## What is needed
The lines below from the one with "Pozostałe wyniki 18." up to and including the one with "Cintura donna, linea" are what you should set down, exactly and without pictures.

## Data listing
┏━━
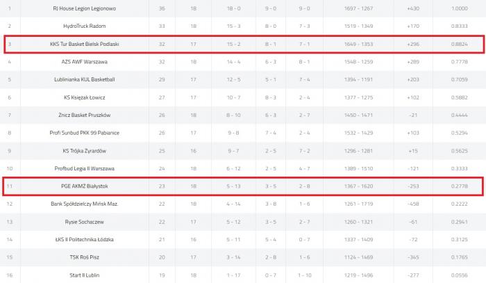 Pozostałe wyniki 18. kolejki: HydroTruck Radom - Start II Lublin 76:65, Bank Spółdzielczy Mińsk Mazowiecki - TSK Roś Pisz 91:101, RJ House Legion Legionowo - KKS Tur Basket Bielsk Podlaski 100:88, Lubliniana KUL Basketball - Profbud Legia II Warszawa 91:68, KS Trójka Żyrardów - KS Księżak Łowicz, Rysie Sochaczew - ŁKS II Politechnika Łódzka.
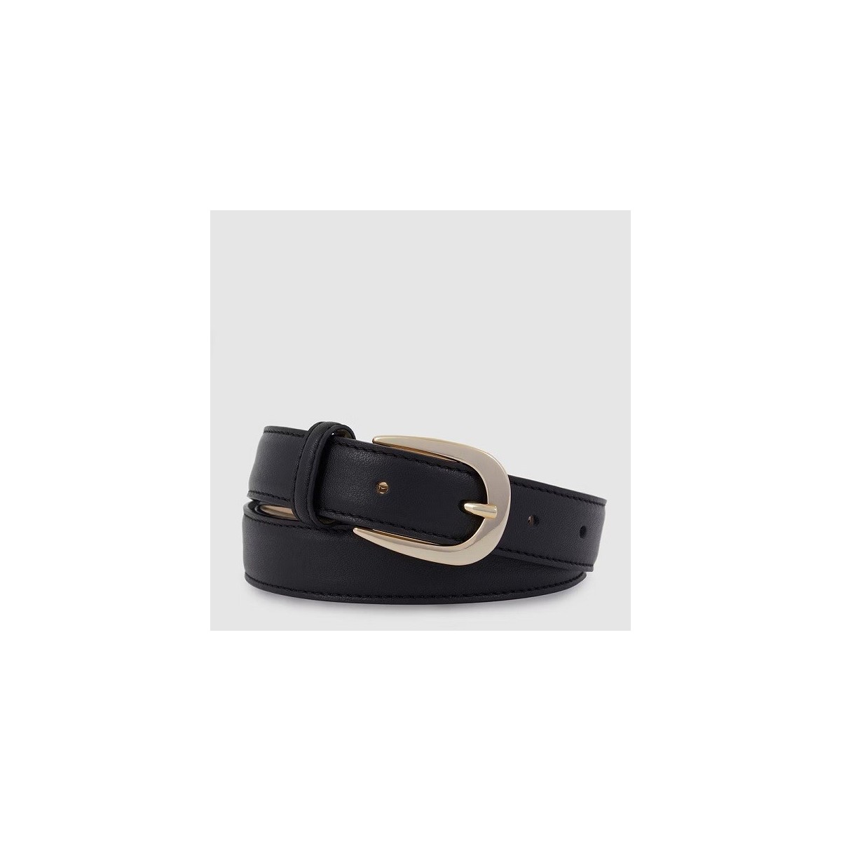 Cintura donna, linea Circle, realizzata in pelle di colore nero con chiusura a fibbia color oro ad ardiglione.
┗━━
┏━━
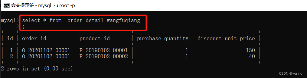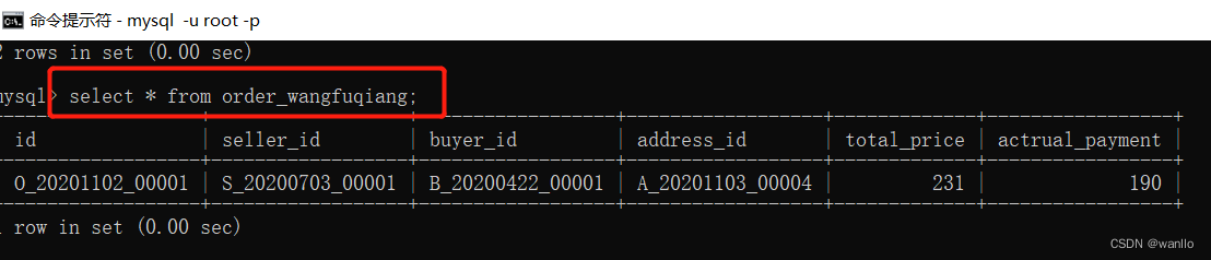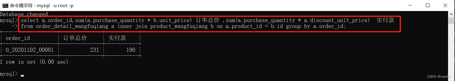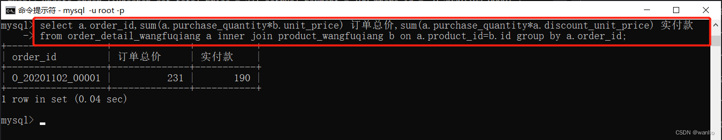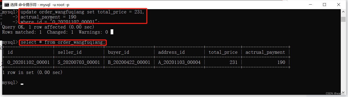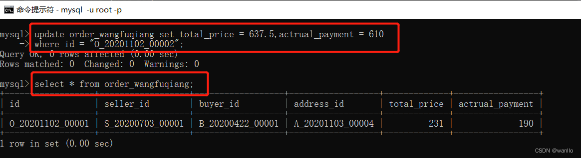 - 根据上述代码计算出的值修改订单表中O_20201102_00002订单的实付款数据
┗━━
## Response to the exercise
 Pozostałe wyniki 18. kolejki: HydroTruck Radom - Start II Lublin 76:65, Bank Spółdzielczy Mińsk Mazowiecki - TSK Roś Pisz 91:101, RJ House Legion Legionowo - KKS Tur Basket Bielsk Podlaski 100:88, Lubliniana KUL Basketball - Profbud Legia II Warszawa 91:68, KS Trójka Żyrardów - KS Księżak Łowicz, Rysie Sochaczew - ŁKS II Politechnika Łódzka.
 Cintura donna, linea Circle, realizzata in pelle di colore nero con chiusura a fibbia color oro ad ardiglione.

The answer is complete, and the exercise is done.